Moreover, the projects included in the aid package are not beneficial to the local economy. The dam was redesigned by a Chinese construction firm and much of the labor for the project was provided by Chinese workers. In this way, local supply companies are losing out to large Chinese supply firms and Zambian workers are losing jobs in their own country to Chinese workers. As Zambia already has a tight labor market, this further perpetuates the poverty of local communities. China’s investment in Zambia included conditions for creating business opportunities for Chinese service contractors, including construction companies. China’s aid for the Zambian health clinics included the condition of staffing the new hospitals with Chinese doctors and nurses. Although, this option could be effective in the short term, as Zambia does not have a sufficient number of trained medical staff, it limits opportunities for Zambian doctors in the future. Such conditions stifle Zambia’s service sector and perpetuate the lack of Zambian medical staff as more and more medical students become discouraged from a shrinking labor market.
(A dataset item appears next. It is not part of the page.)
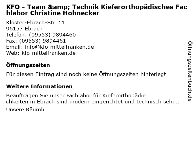 | KFO - Team & Technik Kieferorthopädisches Fachlabor Christine Hohnecker anrufen | |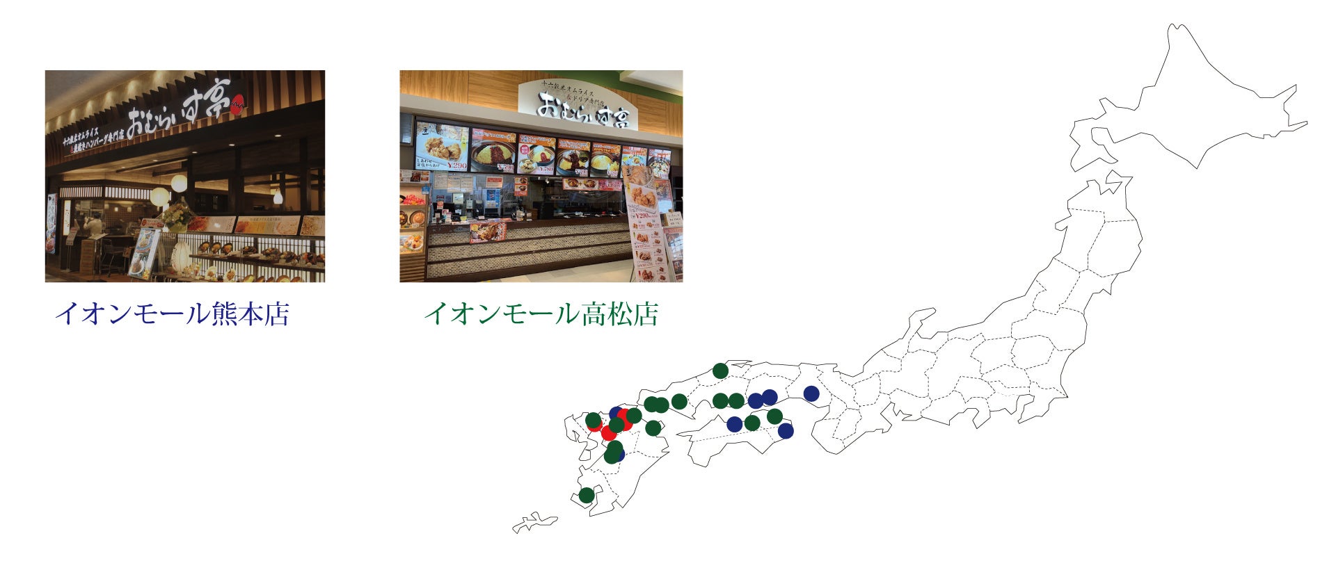「おむらいす亭」は西日本を中心に26店舗あり、業態は「レストラン」「炭焼レストラン」「フードコート」の3種類ございます。

Finally, China’s investment in the TAZARA railway perpetuates Zambia’s commodity dependency. The TAZARA railway is used to transport raw materials from Zambia’s Copperbelt to the seaport in Dar Es Salaam. Although growth of Zambia’s copper industry could be economically beneficial in the short term, it would slow Zambia’s sectoral transformation. In fact, Africa is China’s number two supplier of service contracts, therefore China’s aid to Zambia is not altruistic. China is more concerned with its own economic interests as opposed to the development of Zambia. Creating job opportunities for Chinese workers does not stimulate the local economy or support the economic interests of Zambian workers. A key principle of the theory of sustainable economic development is a bottom up approach to aid. According to this approach, offering “soft” aid that transfers skills and know-how to developing countries is a better way of achieving sustainable and long lasting improvements in economic development.